= Information shown =
####################

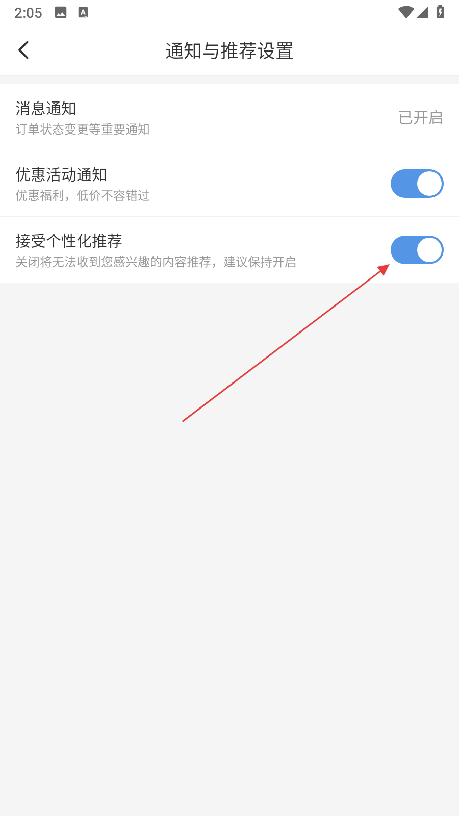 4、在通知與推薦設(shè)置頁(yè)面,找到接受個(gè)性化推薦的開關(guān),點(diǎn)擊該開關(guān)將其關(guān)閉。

####################

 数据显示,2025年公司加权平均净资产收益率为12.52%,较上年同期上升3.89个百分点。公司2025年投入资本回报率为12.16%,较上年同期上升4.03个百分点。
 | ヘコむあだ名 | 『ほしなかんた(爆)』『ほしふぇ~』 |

####################

= Exercise prompt =
Please output exactly the lines between the one holding "数据显示,2025年公司加权" and the one holding "ヘコむあだ名 | 『ほしなかんた(爆)』『ほしふぇ~』 |" in the records above, inclusive, and nothing more.

= The completed task =
 数据显示,2025年公司加权平均净资产收益率为12.52%,较上年同期上升3.89个百分点。公司2025年投入资本回报率为12.16%,较上年同期上升4.03个百分点。
 | ヘコむあだ名 | 『ほしなかんた(爆)』『ほしふぇ~』 |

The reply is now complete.